Iya Cyra aku sadar, duniaku tidak hanya lukisan dan kanvas. Sekarang ditambah ada kamu. Gemes banget jadi ingin meluk cium kamu.
Cyra tertawa pelan, meski mata menatap ponsel lalu beralih fokus menatap jalan raya. Cepat dia mengetik balasan dan mengirimnya.
Pulang ke aku dong kalau mau peluk cium.
Masuk lagi notif balasan dari Fandy.
Sabar ya cantik, aku pasti pulang menemuimu segera.
Cyra hanya tersenyum tak membalasnya lagi. Dia lalu fokus menyetir dan jalan raya yang dilalui mobilnya.
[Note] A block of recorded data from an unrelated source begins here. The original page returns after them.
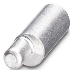
Cable lug for HEAVYCON-MODULAR; PE connection extension to 16 mm 2 , for crimping with crimp pliers

Please be informed that the data shown in this PDF document is generated from our online catalog. Please find the complete data in the user documentation. Our general terms of use for downloads are valid.
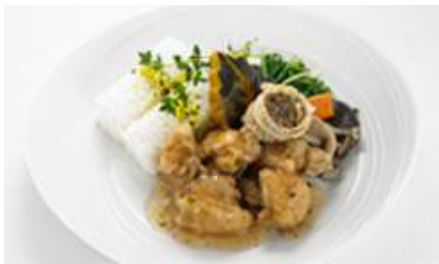
Fried Chicken with Grated Radish Sauce (NRTC)

With steamed rice and Japanese-style vegetables.
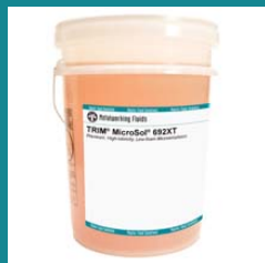
5-gallon pail SKU: MS692XT-5G UPC-12: 641238080121
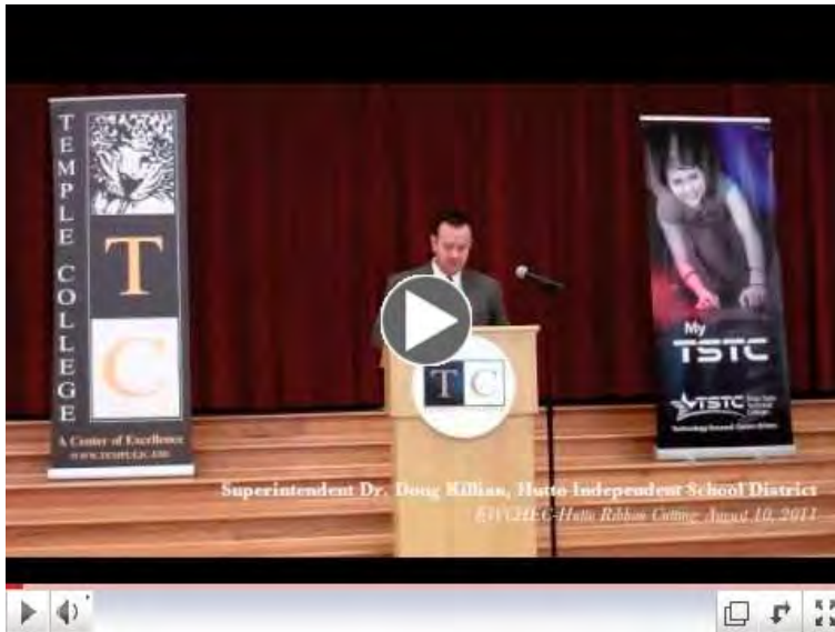
Video Presentation of the August 10, 2011 East Williamson County Higher Education Center Ribbon Cutting at the Veteran's Hill Campus.

College began offering classes for the Fall 2011 semester in Hutto. Though the planned higher education facility that will be located off of SH130 on a 57-acre campus will not open until 2013, Temple College and Texas State Technical College are utilizing Hutto ISD's vacated Veteran's Hill Elementary School to start establishing a solid student base and begin aiding residents pursuing higher education and technical training. A partnership with Texas A&M Central Texas is also being pursued so that within 2-4 years, 3rd and 4th year courses, as well as graduate level courses will be offered alongside state of the art technical training and local community development.
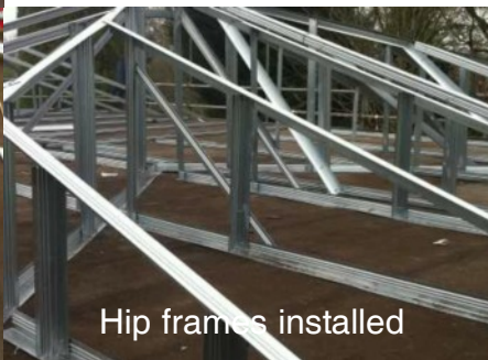
Hip frames installed
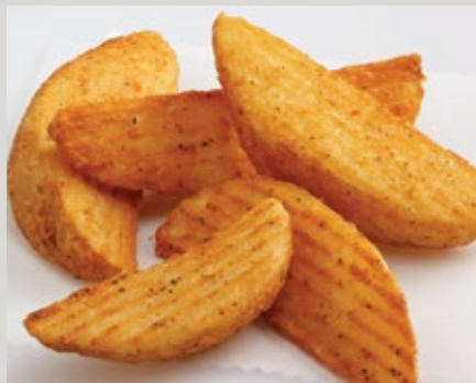
Lamb's Seasoned® Chicken Batter Recipe Crinkle Deli Wedge® (D17)

Also available: Generation 7 Fries® (X30)
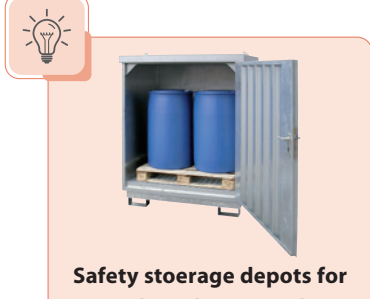
Safety stoerage depots for 200 liter drums can be found on page 146!
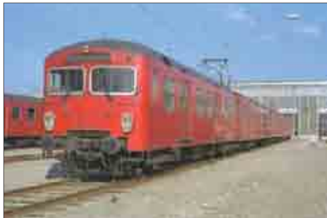
Design considerations play important role in the successful production of machines.

The standard or stock parts should be used whenever possible ; parts for which patterns are already in existence such as gears, pulleys and bearings and parts which may be selected from regular shop stock such as screws, nuts and pins. Bolts and studs should be as few as possible to avoid the delay caused by changing drills, reamers and taps and also to decrease the number of wrenches required.
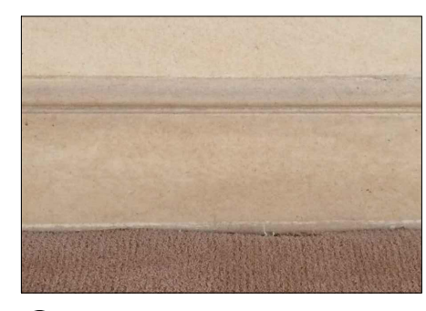
(06) EXISTING SKIRTING IMAGE FIRST FLOOR EXISTING SITTING ROOM (TYPICAL FIRST FLOOR)
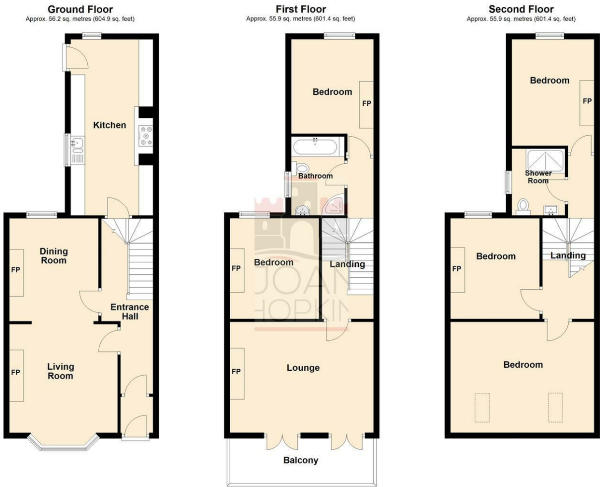
Total area: approx. 167.9 sq. metres (1807.8 sq. feet)
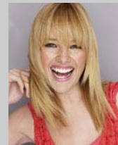
Long fringe with long feathered layers adds a modern touch to long hair
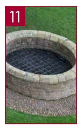
People living in the castle needed fresh water. How deep was their well?
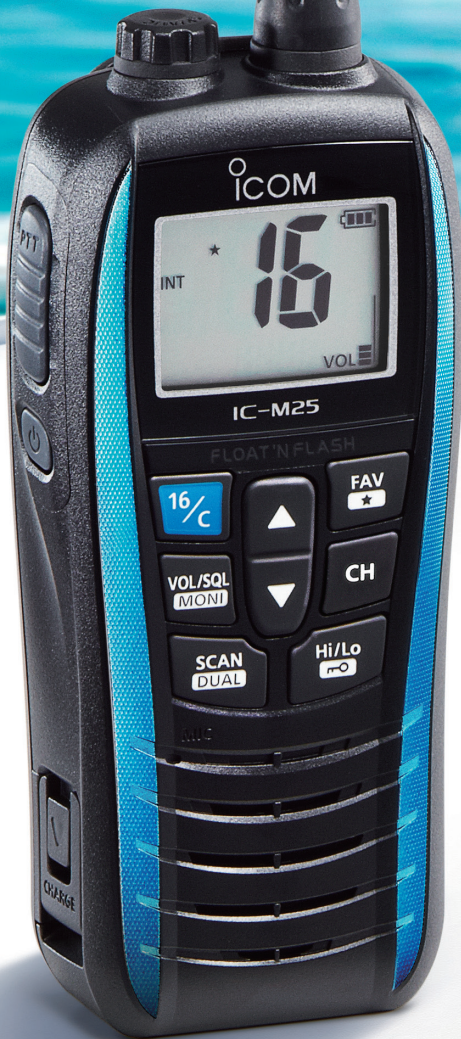
● Marine Blue
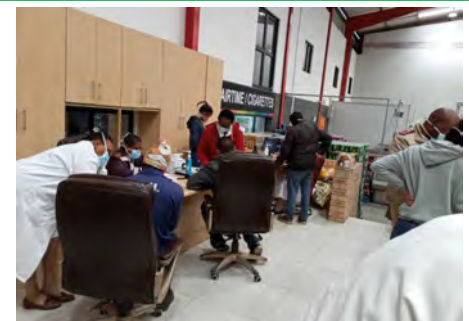
Covid-19 screening at a Phoenix Supermarket
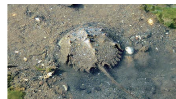
Japanese Horseshoe Crab
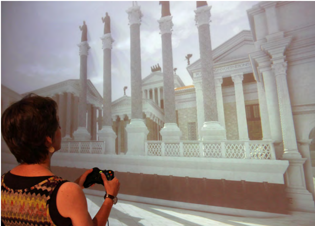
FIGURE 3 : A SELF SERVICE VISIT.
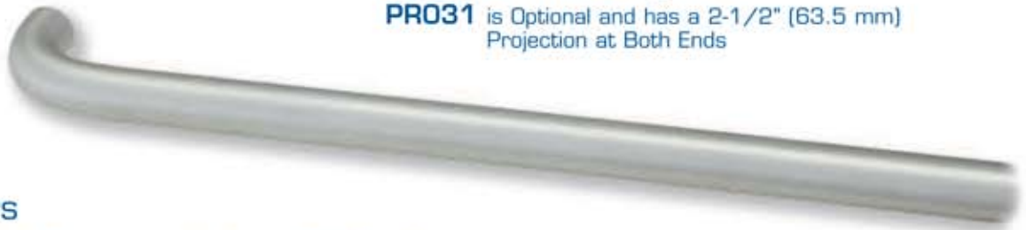
Clear Anodized Standard Push Bar

PR031 is Optional and has a 2-1/2" (63.5 mm) Projection at Both Ends
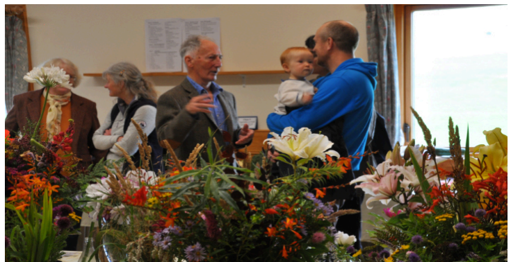
Bressay Garden Show.
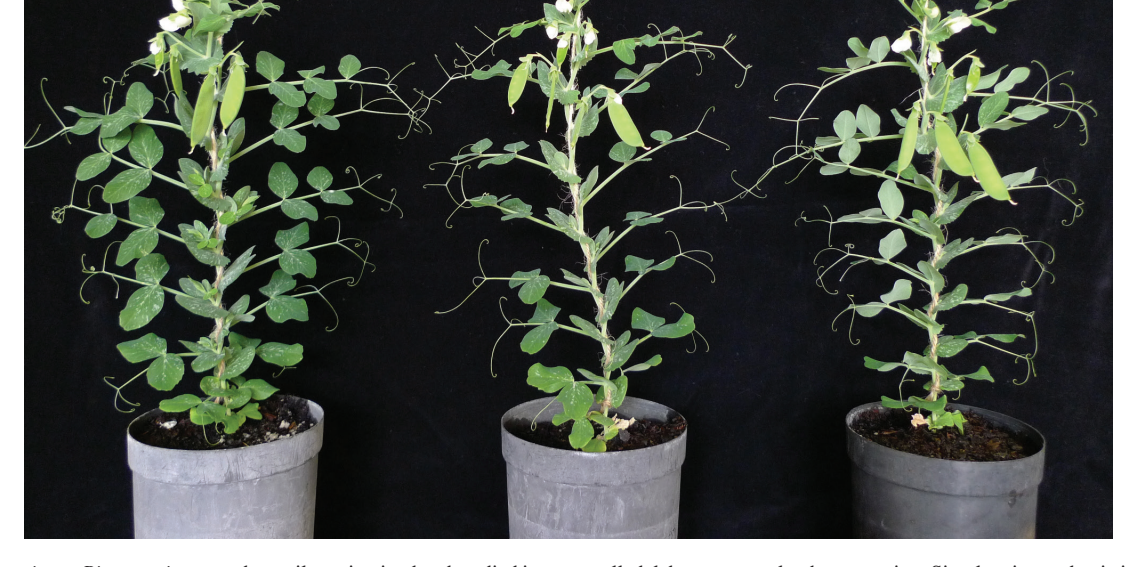
FIG. 7. Pisum sativum. Pisum sativum can be easily maintained and studied in a controlled, laboratory or glasshouse setting. Simple tying and twisting of the plants as they grow allows for easy comparison of their physiology.

pods, allowing fruit and seed to be left to desiccate on the plant and easily collected (Weeden et al. , 2002). Pea has a significant advantage over typical lab models such as A. thaliana , or fieldsuitable models such as maize, as pea is suitable for growth in the field, glasshouse, growth chambers and tissue culture environments.
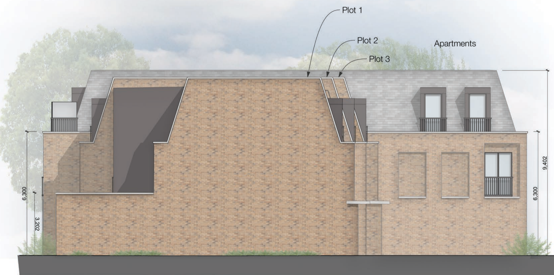
3 Elevation 3 (South-West)
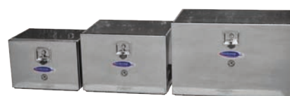
STB900, STB901 and STB902 Square Toolboxes.
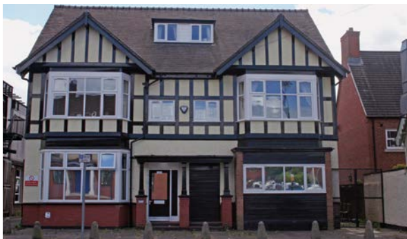
Cannock Recovery House
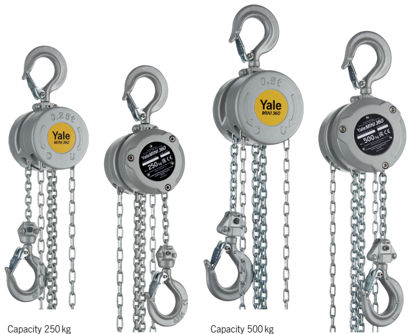
Capacity 250 kg
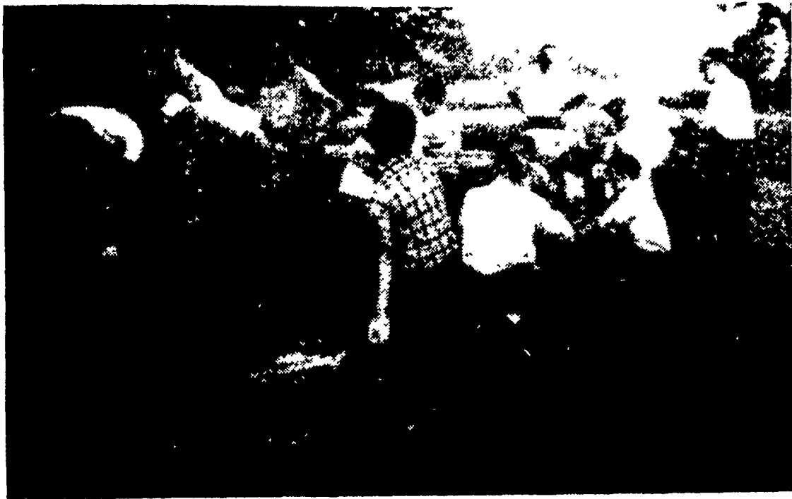
EIGHTY QUARTS OF ICE CREAM, to observe June Dairy Month were made
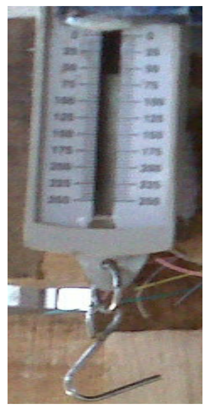
Fig 1. A snring weighing machine

Based on this we can build a simple table representing the numbers 0 to 10 in binary. We will keep the table side by side with the digital encoder representation of the binary numbers
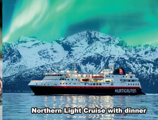
Northern Light Cruise with dinner
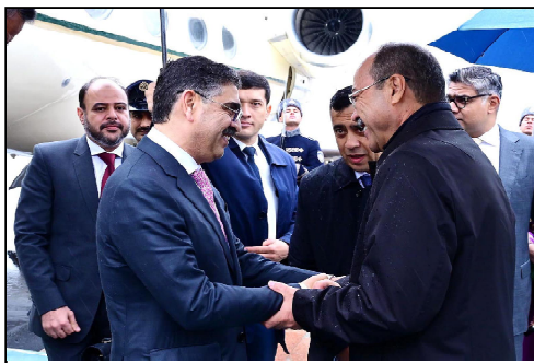
TASHKENT: Caretaker Prime Minister Anwarul-Haq Kakar is being received by Prime Minister of Uzbekistan Abdulla Nigmatovich Arifov upon his arrival in Uzbekistan to attend 16th ECO Summit.

It further said that the provincial government had already directed the district governments to conduct crackdowns against illegal fireworks vendors and check the stock of the suppliers, vendor details, stock registers and listing of the vendors. The Deputy Commissioners had also been asked to keep the vendors under strong vigilance.
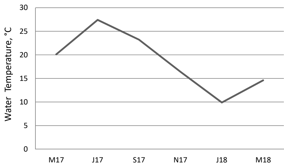
Figure 3. Water temperature at Gramiccia canal (see text for x-axis acronyms).

in females (average: 35.7 \pm 2.9 mm). A between-sex comparison of log-transformed carapace length data per sampling date did not show any significant difference (ANOVA: p > 0.05 ). Male crayfish exhibiting the copulatory organ (CL ranging from 26.60 mm to 56.90 mm) were found with higher numbers at spring-summer sampling dates (July and September: almost 80% of males), and decreased during the other months.
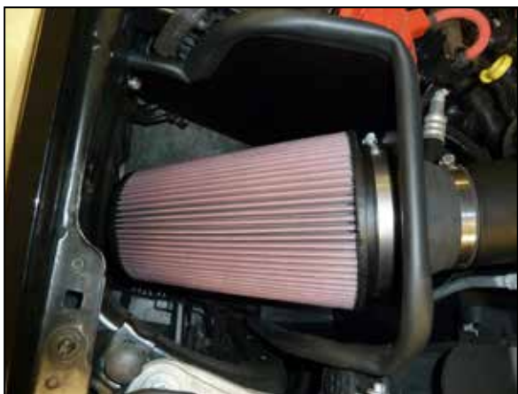
20. Install the K&N air filter and secure with the provided hose clamp.
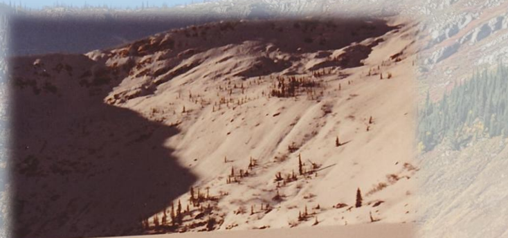
Heart Lake 1981

more) parties camped around the lake. One fellow had his tent set up on the main trail, it was a convenient flat spot. Overall, we saw at least 50 people that day on the trail and near the outlet and there must have been 30 vehicles parked at or near the trailhead. The scenery is still spectacular and yes, it is a wonderful location, but it was like going to Priest Lake.

Tak lama kemudian Cyra sampai di rumah mewahnya. BMW merahnya sudah terpakir rapi di garasi. Lalu dia melangkah anggun masuk ke dalam rumah.
“Assalamualaikum,” salamnya begitu dia membuka pintu rumah.
“Waalaikumsalam,” dijawab Mama kemudian.
Cyra menghampiri mamanya yang sedang berada di dapur. “Masak apa Ma?” tanyanya setelah duduk dan menatap mamanya yang terlihat sibuk memasak.
“Opor ayam dan nasi uduk kesukaanmu dan papa,” jawab mama sambil menoleh ke Cyra.
“Asyik, dimasakin menu favoritku. Makasih Mama cantik,” pujinya sambil beranjak dan memeluk mamanya dari belakang.
“Tumben nih, bilang makasih sambil peluk Mama. Pasti lagi galau karena kangen Fandy ya,” tebak mama.
Cyra mengangguk lesu. “Iya Ma, kangen banget dia.”
“Telepon atau kirim pesan dong ke dia.”
“Udah Mama dari pagi juga sampai mau pulang tadi, gak tau kenapa beda banget rasanya di telepon sama lihat orangnya langsung,” rajuknya.
Mama mengelus lembut tangan dan pipi putri kesayangannya itu. “Sabar ya sayang, dia hanya sebentar itu pulangnya. Mandi dulu sana, terus kita makan habis ini.”
Cyra mengangguk dan perlahan melepaskan pelukannya. “Iya Ma, aku ke kamar sekarang.”
Setelah Cyra berlalu dari dapur, mama terdiam sesaat dan mendesah pelan. “Huh… baru pisah sama Fandy sebentar aja udah galau banget gitu. Gimana kalau lama pisahnya?”